Sergio Henao has been sidelined by Team Sky after the rider was notified about blood values tracked over a period of four years by the Cycling Anti-Doping Foundation (CADF).
This news was announced by Team Sky on its website. The British professional cycling team that competes in the UCI World Tour said the Colombian racing cyclist would be sidelined while it worked with him for proving his innocence. Team Sky announced Sergio has this week been contacted by the CADF with a request for more information with regards to readings on his Athlete Blood Passport from August 2011 to June 2015. It added Sergio has not failed a drug test and the CADF process is conducted confidentially.
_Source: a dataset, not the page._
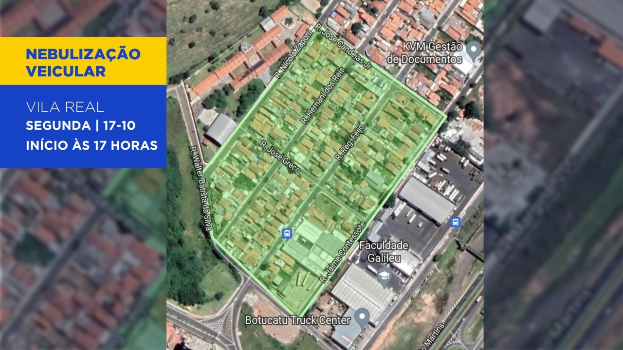 A equipe da Vigilância Ambiental em Saúde iniciará a nebulização a partir das 17 horas, com término previsto às 19 horas. Em caso de chuva ou ventos acima de 10km/h a ação será reagendada.

The Cycling Anti-Doping Foundation enquiry is in relation to the biological passport of the athlete and levels tracked between August 2011 and June of last year, which indicates that the CADG may be investigating the rider for possible blood manipulations.
Previously, Team Sky had made his biological passport the subject of discussion just over two years ago. Team Sky then announced that it had temporarily suspended Henao from competition after a March 2014 story by La Gazzetta dello Sport that reported that Sergio Henao had been sidelined because of unexplained blood readings. At that time, Team Sky acknowledged that this was the case. It also commented that questions were raised by experts conducting internal monitoring of riders about the rider’s out of competition values at altitude. Then, Team Principal Dave Brailsford remarked the team had contacted the world governing body of cycling and the CADF over the matter. Brailsford also remarked at that time independent scientific research would be commissioned to better understand the effects of prolonged periods at altitude after returning from sea level, specifically on altitude natives. The Team Principal also remarked the study results would be made available to the World Anti-Doping Agency, the world governing body of cycling, and the CADF.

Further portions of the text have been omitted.